- Mark MariaDB10 masters explicitly.
- ensure => pt-heartbeat is running; ensure pt-heartbeat is stopped otherwise
- icinga check pt-heartbeat is running
- icinga replication lag => using heartbeat.heartbeat
- Replicate these tables to Labs
- Display that lag on tendril and dbtree
- Send lag to graphite
Description
Details
Status | Subtype | Assigned | Task | ||
---|---|---|---|---|---|
Resolved | • jcrespo | T114752 Puppetize pt-heartbeat on MariaDB10 masters and its corresponding checks on the several monitoring backends | |||
Open | None | T141968 Display lag on grafana (prometheus) from pt-heartbeat instead (or in addition) of Seconds_Behind_Master |
Event Timeline
Change 244651 had a related patch set uploaded (by Jcrespo):
Add pt-heartbeat start & execution script to mariadb
Change 244651 merged by Jcrespo:
Add pt-heartbeat start & execution script to mariadb
Change 253665 had a related patch set uploaded (by Jcrespo):
[WIP] Use heartbeat when possible to check slave lag
This is semi-working now. We have to decide what to show on icinga for multi-tier slaves and fix some issues on multi-source replication slaves like dbstore.

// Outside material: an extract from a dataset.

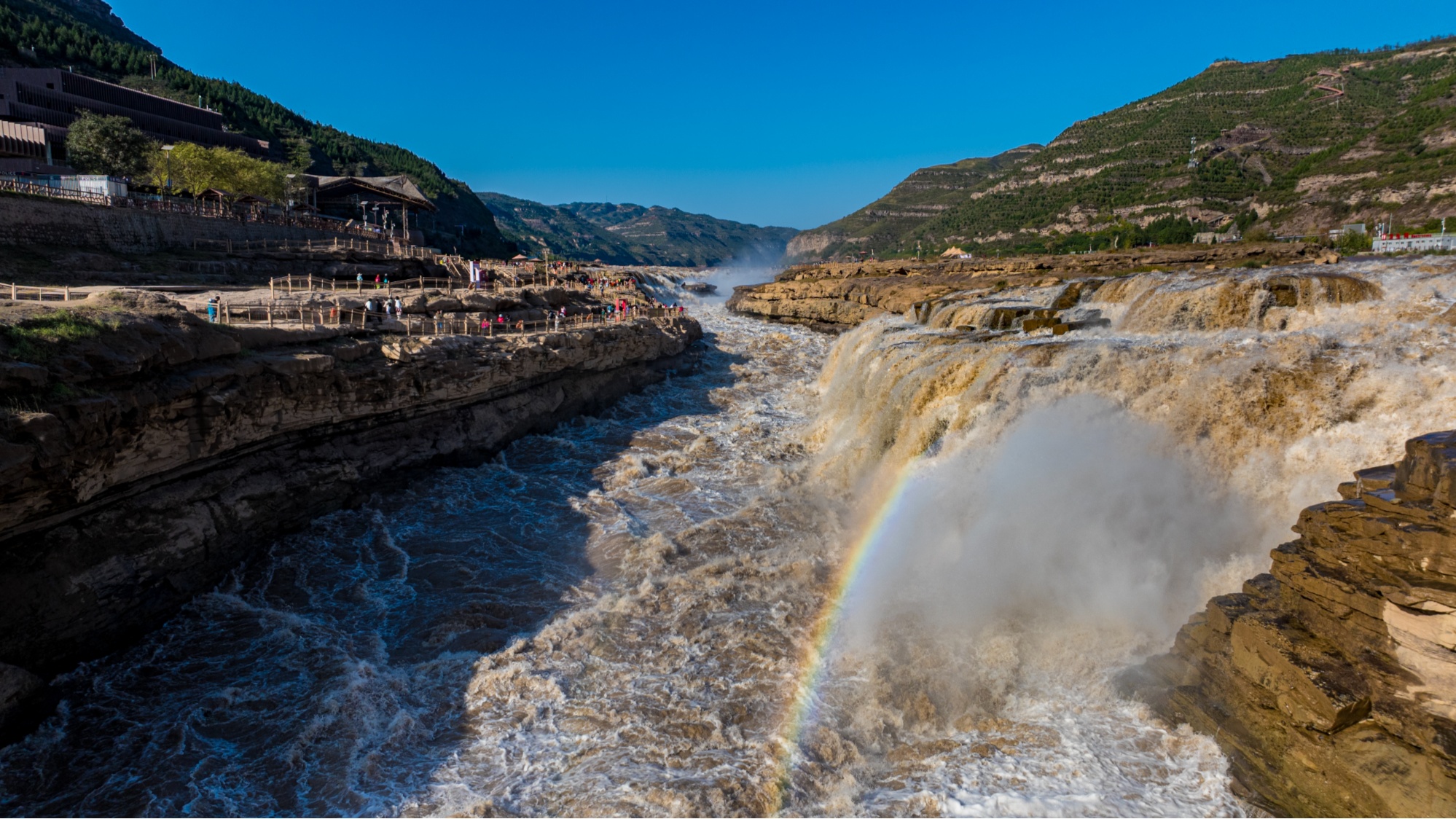 近日,黃河壺口瀑布景區(qū)出現(xiàn)壯麗彩虹景觀,吸引眾多游客駐足觀賞、拍照留念。

Change 271495 had a related patch set uploaded (by Jcrespo):
Allow heartbeat table to replicate to dbstore* hosts
Change 271495 merged by Jcrespo:
Allow heartbeat table to replicate to dbstore* hosts
Change 271792 had a related patch set uploaded (by Jcrespo):
Add nagios@localhost the permissions to read the heartbeat table
Change 271792 merged by Jcrespo:
Add nagios@localhost the permissions to read the heartbeat table
Change 271815 had a related patch set uploaded (by Jcrespo):
Small formatting fixes for replication lag check
@aaron, I have patched pt-heartbeat to create and update automatically a "shard" column:
mysql> SELECT * FROM heartbeat; +----------------------------+-----------+-------------------+-----------+-----------------------+---------------------+-------+ | ts | server_id | file | position | relay_master_log_file | exec_master_log_pos | shard | +----------------------------+-----------+-------------------+-----------+-----------------------+---------------------+-------+ | 2016-03-01T16:05:04.109250 | 180359186 | db2030-bin.000004 | 374798448 | db1009-bin.000185 | 619775551 | s1 | +----------------------------+-----------+-------------------+-----------+-----------------------+---------------------+-------+ 1 row in set (0.03 sec)
This should simplify the latency checking and hopefully not require memcache keys; only "check the largest ts value within my shard", something like:
SELECT ts FROM heartbeat WHERE shard='s1' ORDER BY ts DESC LIMIT 1
(substituting ts for the appropriate substraction). I need to properly check that this works (I will puppetize it on all servers first), and maybe add a critical error if heartbeat.heartbead does not contain the appropriate shard value.
Change 274134 had a related patch set uploaded (by Jcrespo):
[WIP] Adding custom heartbeat script with "shard" additional column
Change 274134 merged by Jcrespo:
Add custom heartbeat script with "shard" additional column
Change 274377 had a related patch set uploaded (by Jcrespo):
[WIP]Test the new heartbeat functionality on m5-master
Change 274415 had a related patch set uploaded (by Jcrespo):
Fixes for pt-heartbeat daemon init script (fails automatic runs)
Change 274415 merged by Jcrespo:
Fixes for pt-heartbeat daemon init script (fails automatic runs)
Change 274423 had a related patch set uploaded (by Jcrespo):
Previous heartbeat fix was not enough (introduced extra errors)
Change 274423 merged by Jcrespo:
Previous heartbeat fix was not enough (introduced extra errors)
Change 274640 had a related patch set uploaded (by Jcrespo):
Enable pt-heartbeat on all misc master (except m1)
Change 274670 had a related patch set uploaded (by Jcrespo):
Enable the new pt-heartbeat on core production hosts
Change 274670 merged by Jcrespo:
Enable the new pt-heartbeat on core production hosts
pt-heartbeat is puppetized and in production on all main core, misc and labs servers.
There are some minor pending tasks:
- toolsdb slave (not active)
- dbstore[12]001 (delayed slave, it will take 24 hour to take effect)
- db1047 and db2002 (need a restart/change of replication filter)
- db1048 and db2012 needs to white list heartbeat, too
The others too, now. It was a combination of replication filters not having been updated (pending restart) and lacking permisions for non-core servers (nagios grants).
This is progressing by adding a datacenter field.
The pending scope of this ticket may be changed; as T126757 is progressing, probably tendril/graphite work will evolve into prometheus.